ABOUT THIS EXERCISE:
Strip out the pictures and output each remaining line of the data word for word.

DATA FOR THIS TASK:
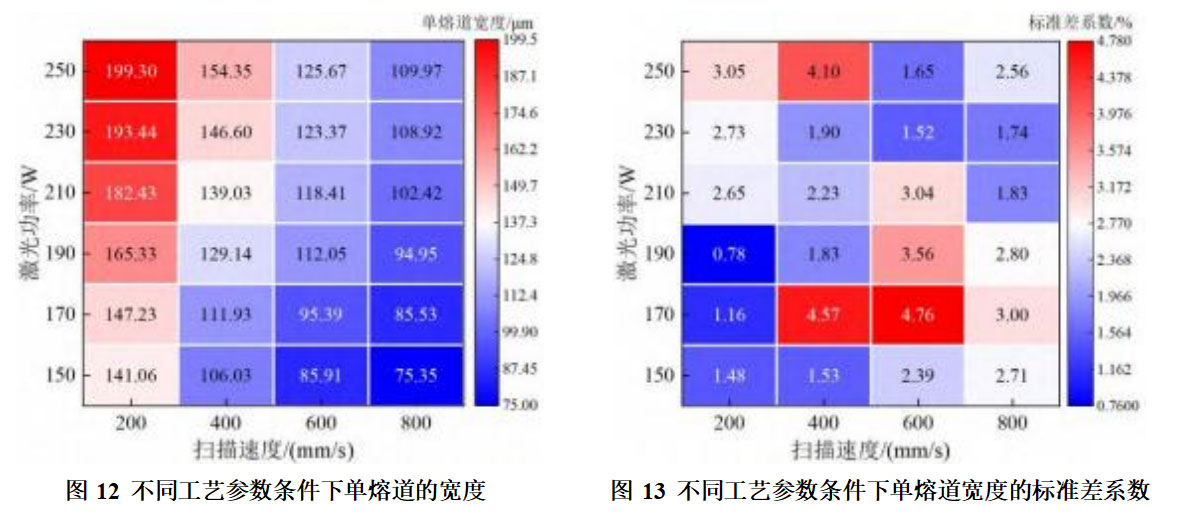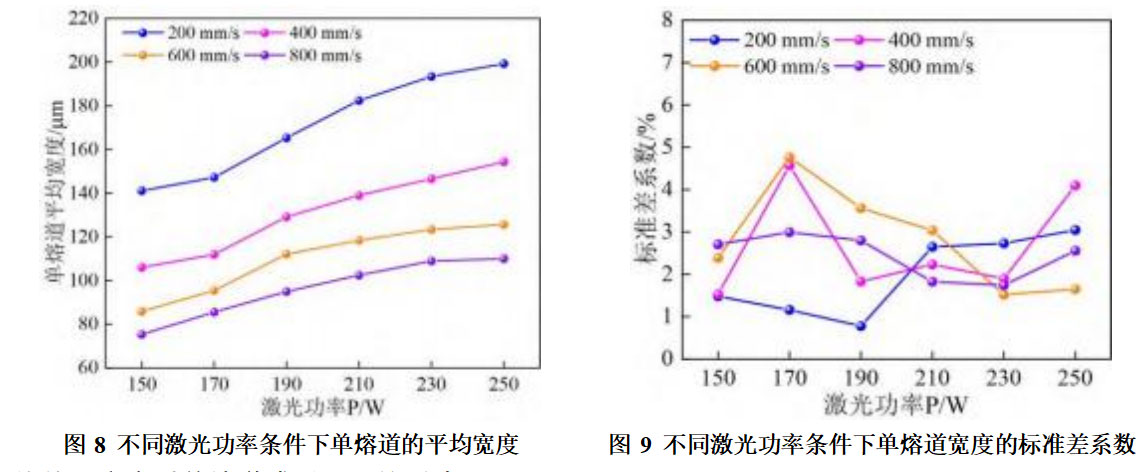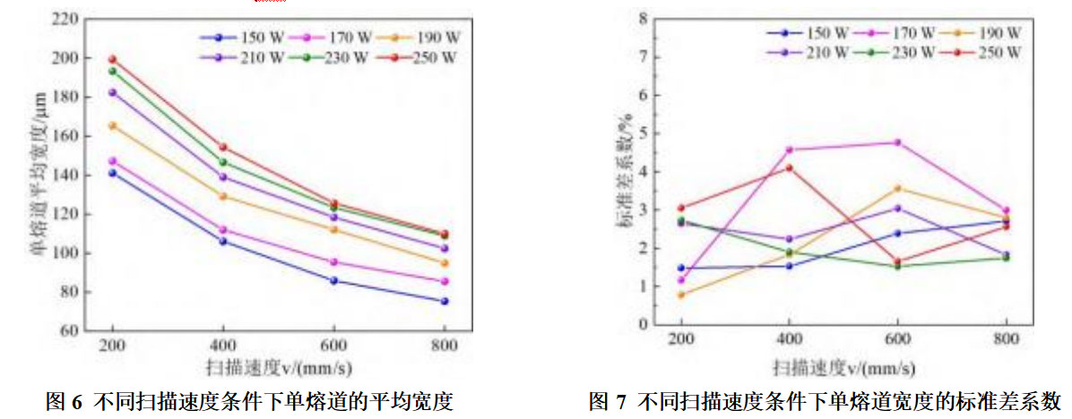因此,根据单熔道宽度y与线能量密度x的关系和标准差系数,可以预测单熔道的宽度及稳定性,这对于实际实验工艺参数窗口的筛选具有指导意义。
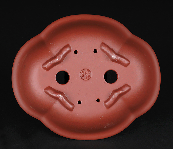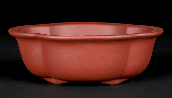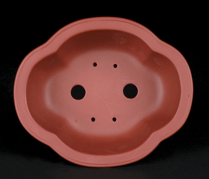 オーソドックスな木瓜式鉢。この柔らかな線はとても鋳込み鉢とは思えない仕上がり。深さもあるので迫力のある樹も受け止めます。
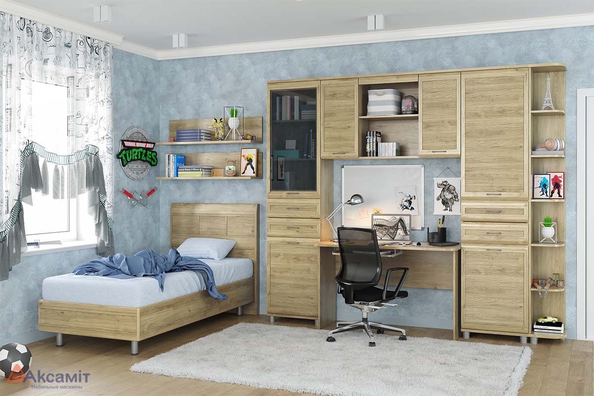 В комплекте: Шкаф (1 шт.), кровать-90 (1шт.), комод (1 шт.), стол (1 шт.), полка (1шт.).
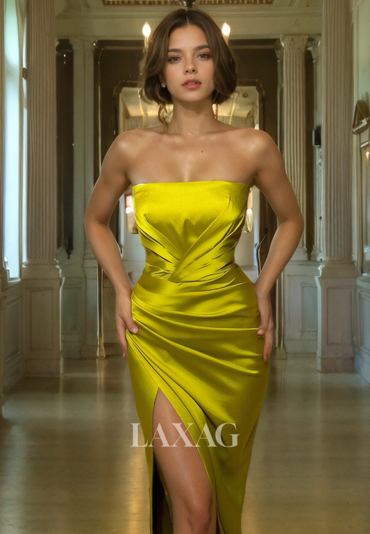 Strapless Pleated Sleek Satin High Slit Prom Dress Sleeveless Pleated Formal Evening Gowns with Sweep Train
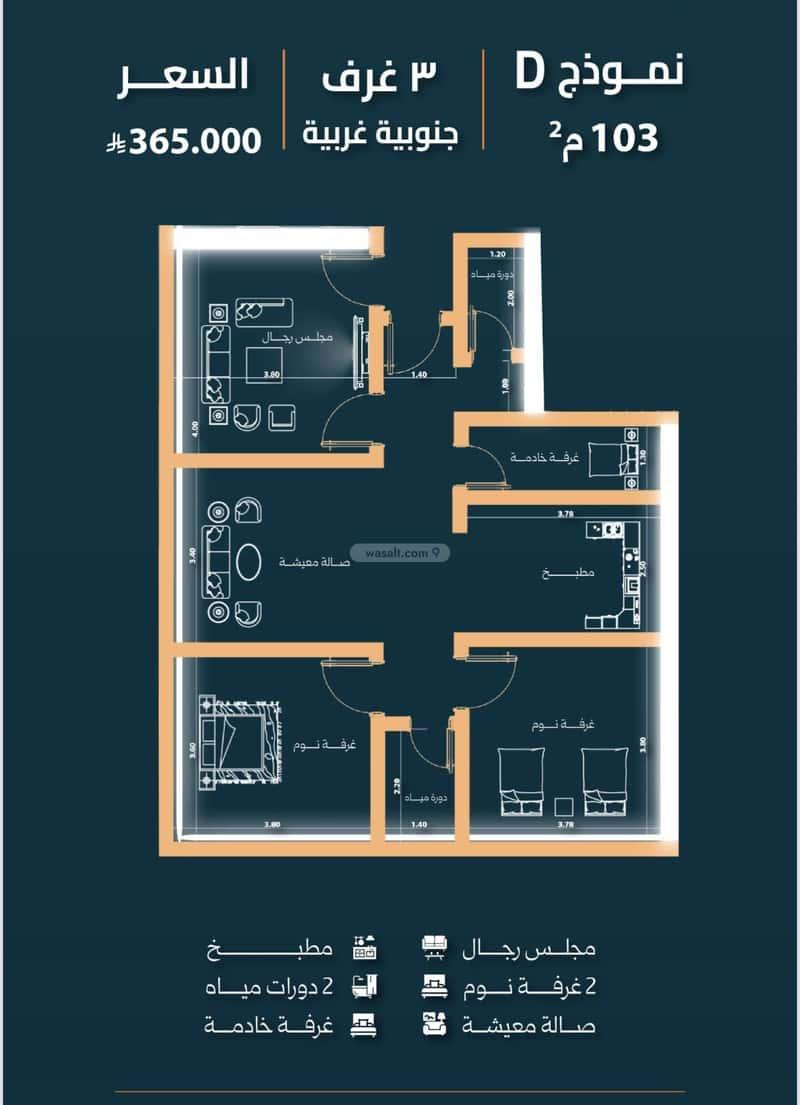 3 غرف جنوبية شرقية مدخلين دوتين مياة صالة معيشة مطبخ موقف خاص خزانات مستقلة غرفه خادمه المساحه 103 م السعر 365 الف
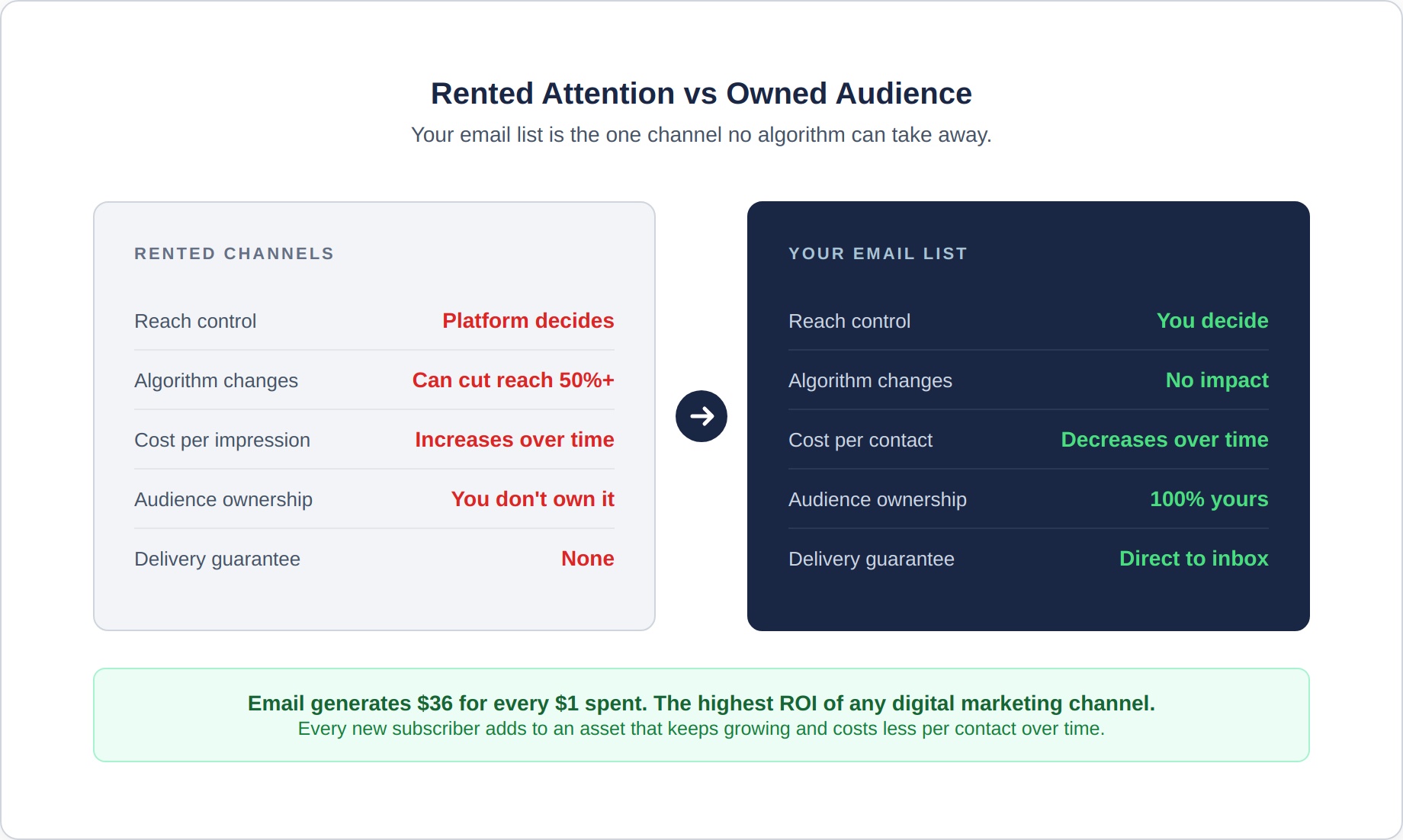 Social media reaches people on platforms you don’t control. Algorithms change. Reach declines. Accounts get restricted. One platform policy update can cut your visibility in half overnight, and there is nothing you can do about it.

RESULT OF THE EXERCISE:
因此,根据单熔道宽度y与线能量密度x的关系和标准差系数,可以预测单熔道的宽度及稳定性,这对于实际实验工艺参数窗口的筛选具有指导意义。
 オーソドックスな木瓜式鉢。この柔らかな線はとても鋳込み鉢とは思えない仕上がり。深さもあるので迫力のある樹も受け止めます。
 В комплекте: Шкаф (1 шт.), кровать-90 (1шт.), комод (1 шт.), стол (1 шт.), полка (1шт.).
 Strapless Pleated Sleek Satin High Slit Prom Dress Sleeveless Pleated Formal Evening Gowns with Sweep Train
 3 غرف جنوبية شرقية مدخلين دوتين مياة صالة معيشة مطبخ موقف خاص خزانات مستقلة غرفه خادمه المساحه 103 م السعر 365 الف
 Social media reaches people on platforms you don’t control. Algorithms change. Reach declines. Accounts get restricted. One platform policy update can cut your visibility in half overnight, and there is nothing you can do about it.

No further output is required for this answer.